他想起那個山洞裡,被毒發折磨著的月重華髮誓要讓他痛足九十日……

九十日啊……不知道熬不熬得過去……

司馬流雲咬咬牙:「樓主,流雲的確該罰,只是不知怎麼樣才算還了樓主的?」

月重華沒想到司馬流雲會說出這樣的話來,微微一怔,笑道:「到我的葯練好了也就是了。」

「一筆勾銷嗎?」

「不錯,從此就當你我素不相識,不過……」月重華笑道:「也要你別死在這裡才行。而且也別求我殺了你。」

司馬流雲只覺一陣冷意竄過。

可是……素不相識……沒有了司馬流雲,隨風便可以在白日間與月重華相見。

這是天下最大的誘惑,司馬流雲終有一天能成為隨風?

月重華仍在打量他,原來這才是司馬流雲的真面目,果然不是當初看起來那麼軟弱,不過很快他就會知道試藥到底意味著什麼。

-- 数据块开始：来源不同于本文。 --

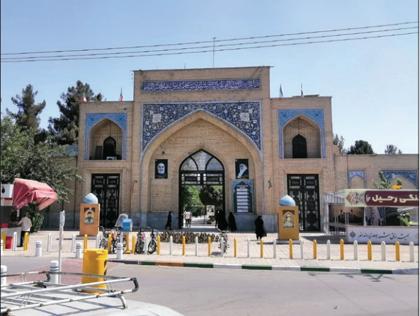
دروازه ورودی باغ خواجه ربیع در سال ۱۲۷۷ ش/دروازه ورودی خواجه ربیع در سال ۱۴۰۲ ش (۱۲۵ سال بعد)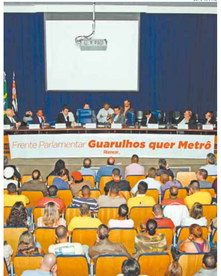
Transporte - Evento aconteceu ontem na Assembleia Legislativa de SP

Grupo pretende acompanhar as obras do metrô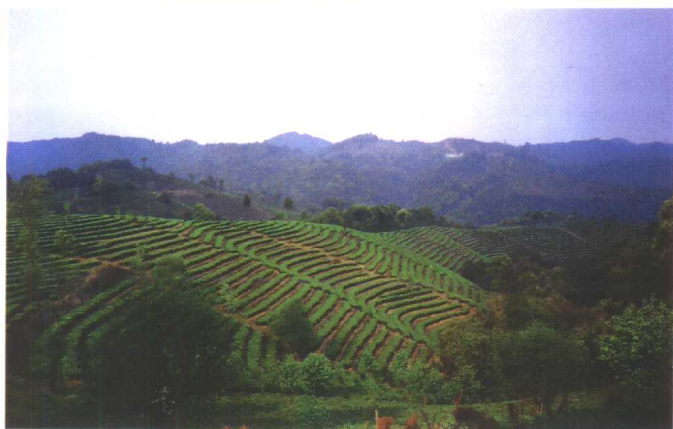
云南峨山 生态茶园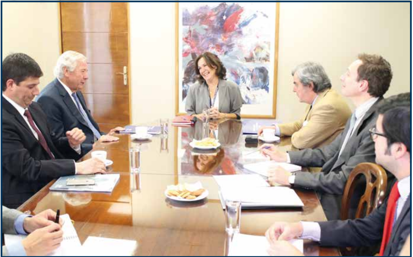
Durante la reunión con la ministra del Trabajo, Alejandra Krauss, se abordaron los desafíos de implementación de la Reforma Laboral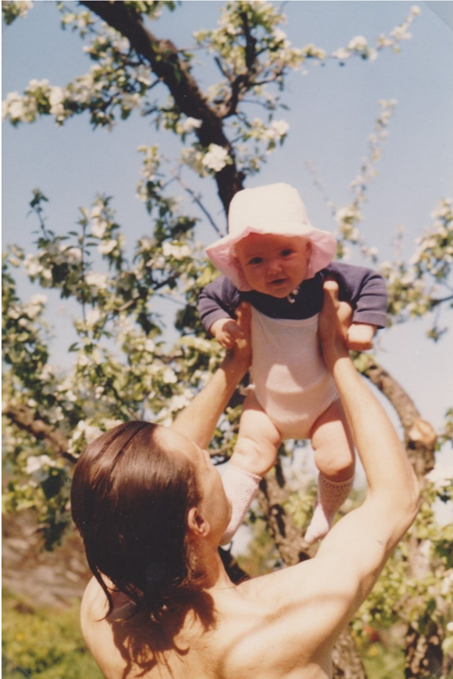
Kuva 1. Minä isäni kanssa kesällä 1989 (kotialbumi).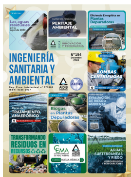
AIDIS ARGENTINA REVISTA ISA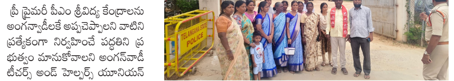
అదనపు కలెక్టర్ కు సిబిఐ యువనీ నారాయణపేట జూన్ 08 (పుడయం ప్రతినిధి)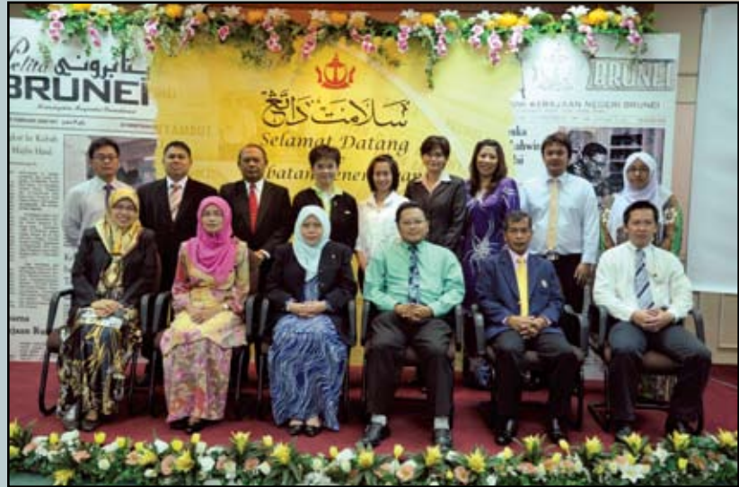
Rombongan pegawai-pegawai Malaysia dan Thailand bergambar ramai bersama pegawai-pegawai Jabatan Penerangan.

Antara atur cara lawatan kerja delegasi tersebut ialah menyaksikan persembahan Pentarama di Daerah Belait, menyaksikan Majlis Bersama Rakyat Daerah Brunei-Muara sempena Hari Keputeraan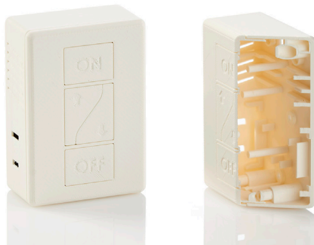
정교한 기능을 갖춘 이 프로토타입 스마트홀 스위치는 Stratasys F123 프린터에서 0.1778 mm 해상도로 구현되었습니다.

대부분의 3D 프린팅 플랫폼에는 프린터 작동, 파일 조작 및 문제 해결에 대해 해박한 지식이 있는 숙련된 전문가가 필요합니다. Stratasys F123 시리즈 프린터는 초기 설정에서부터 디자인 투 프린트 (design-to-print) 작업에 이르기까지 사용이 편리하도록 설계되었습니다.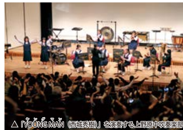
△「YOUNG MAN (西城秀樹)」を演奏する上野原中吹奏楽部

11月2日(土)～4日(月・振休)、もみじホールで市民による文化の祭典である「第47回市民文化祭」が開催されました。祭典では、合唱や箏曲などの舞台発表のほか、もみじホール内の各部屋で写真や書、絵画などの作品が展示されました。また、11月3日(日・祝)には、「第9回吹奏楽フェスティバル」が開催され、市内中学・高校・大学の吹奏楽部のほか、消防音楽隊、市民楽団などによる演奏が行われました。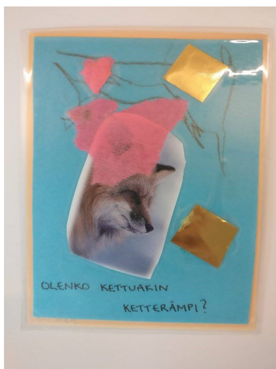
Kuva 1. Motoriset harjoitukset -kortti

Löytyy myös kortti, jonka sisältönä on ketteryyden harjoittelua (kuva 1.), kuten penkillä konttaamista, pöydän ali ryömimistä ja erilaisten esteiden yli kulkemista. Näin pystytään käyttämään montaa motoriikan osa-aluetta, jolloin syntyy monipuolista harjoittelua. Hyppäämiselle ja sen harjoittelulle on oma kortti, jossa on lueteltu erilaisia hyppäämistyylejä, joita pystytään koittamaan ja harjoittelemaan. Jokainen kasvattaja pystyy kuitenkin lisäämään harjoitteiden vaikeustasoa lasten mukaan. Viimeinen kortti sisältää erilaisia tempu harjoitteita. Voidaan harjoitella kuperkeikkoja, kierimistä sivuttain tai eteenpäin ja taaksepäin kävelyä tai juoksemista (vaatii esteetöntämän tilan). Näiden korttien taitoja lapsi tarvitsee, jotta lapsi osaa erilaisia tapoja liikkua paikasta toiseen ja hänen kehollinen tietämyksensä kasvaa. Nämä liikkumistaidot ovat myös sellaisia, jotka jokaisen lapsen tulisi oppia kunnolla ennen seitsemättä ikävuotta. (Numminen 1997, 26)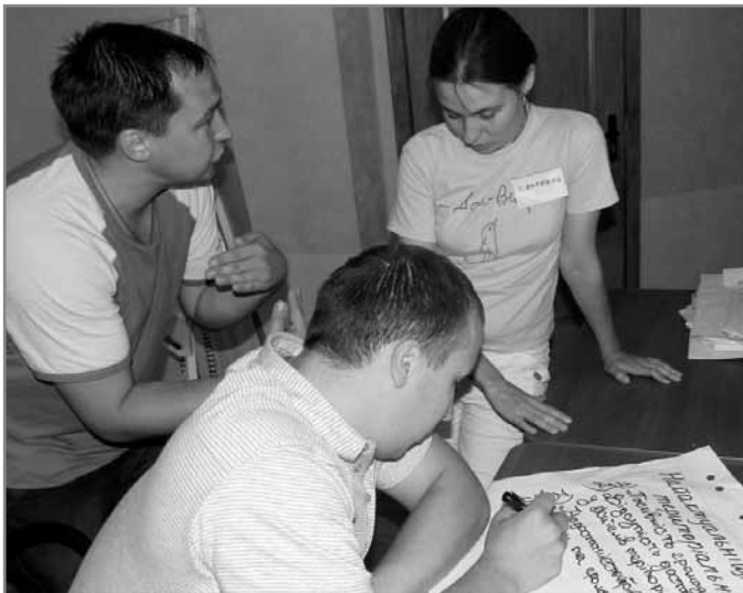
Визначення найактуальніших проблем громади

Всі учасники перед початком Школи поділилися своїми очікуваннями про те, що в них є бажання отримати нові знання або удосконалити старі, набути досвіду по розвитку громад, зав'язати нові знайомства. Дехто відмітив, що навчання спонукає до досконалості або правильності обраної мети, тому постійно набувати нових знань дуже важливо. Учасники також намагалися

司馬流雲靜靜的躺在床上,渾身散了架一般,一絲力氣也無,那劇烈痛苦彷彿還在身體里一般,似乎隨時可能發作。

冷汗浸透衣衫,甚至連身下床耨也濕了。

從他的角度看出去,窗外有一角藍天,一點綠蔭,綠蔭後有一幢三層小樓,從綠蔭一畏透出一角紅瓦。司馬流雲知道,那是月重華起居的小樓。

有多少個夜晚,他曾在近夜時分潛進小樓,撲進他的懷裡。

月重華會擁抱他,溫柔而憐愛。

如果他真的是隨風就好了,沒有過往,自然就沒有虧欠。

而司馬流雲卻曾經害過他。

煙五侯地牢里的月重華,重傷瀕死,被煙五侯的毒藥折磨的奄奄一息,垂著頭被鎖在牆上,隨時可能斷氣。

短短几日,月重華清俊高華的容顏就消瘦了,兩頰凹陷,晶亮雙眸黯淡無光。整個人枯瘦的彷彿被吸幹了血一般。看到他時那種痛真是撕心裂肺。

或許只要再晚去一日,他就再無生機。

這全是司馬流雲害的,是以月重華恨他入骨。就算司馬流雲當初並沒有想害他至此,可結果卻是如此。

到如今,這些都落回了司馬流雲的身上,任他咬破了嘴唇,痛苦掙扎中被鏈子磨破了手腕,任他如何神智不清的開口求饒,最終都歸於痛苦。

月重華曾經因他而受的痛苦,終於又落回了他的身上。